# Gypsies..



## rayrecrok (Nov 21, 2008)

Hi.

40 Gypsies arrive at the Pearly Gates in their Transit vans and caravans.

St Peter goes into the gatehouse and phones up God, saying. 'I've got 40 travellers here. Can I let them in?'

God says 'We are over quota on Pikeys. Go out and tell them to choose between them which are the 12 most worthy, and I will let just the dozen in.'

Less than a minute later St Peter is on the phone to God again. 'They've gone', he tells God. 
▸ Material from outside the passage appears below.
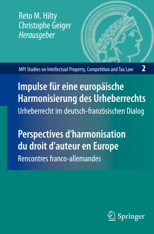 Die Harmonisierung des Urheberrechts in Europa wird auch in den kommenden Jahren eine Herausforderung bleiben. Vor diesem Hintergrund erscheint ein Vergleich des deutschen und des französischen Urheberrechts besonders lehrreich. Das Max-Planck-Institut für Geistiges Eigentum und das Institut de Recherche en Propriété Intellectuelle Henri-Desbois haben aus diesem Grund beschlossen, gemeinsam von einem deutsch-französischen Standpunkt aus die Perspektiven eines Urheberrechts auf europäischer Ebene auszuloten. Von September 2004 bis Januar 2006 fand eine Vortragsreihe im Wechsel in München und Paris statt, in deren Rahmen namhafte Urheberrechtexperten beider Länder zentrale Fragen des Urheberrechts diskutierten. Ziel der gemeinsamen Überlegungen war es, dem europäischen Gesetzgeber auf unabhängigem Wege Lösungsmöglichkeiten für eine Harmonisierung aufzuzeigen. Die ideenreichen Beiträge dieser Vortragsreihe sind im vorliegenden Band abgedruckt.

'What?' says God, 'All 40 of them?'

'No, the f***ing gates'... :wink:


----------



## kaacee (Nov 29, 2008)

:lol: :lol: :lol: :lol: :lol: :lol: :lol: :lol: :lol: :lol: 

Brilliant

Keith


----------



## moblee (Dec 31, 2006)

:-# :lol: :lol: :lol: :lol: :lol:


----------



## BillCreer (Jan 23, 2010)

:lol: :lol: :lol: :lol: I think it is healthy that we can laugh at ourselves.


----------



## tonyt (May 25, 2005)

Surely you're not suggesting that they nick things?


----------



## ardgour (Mar 22, 2008)

At last a positive post about our ethnic brothers and sisters - by removing the elitist barrier to free entry they have increased the access for all of us :wink:


----------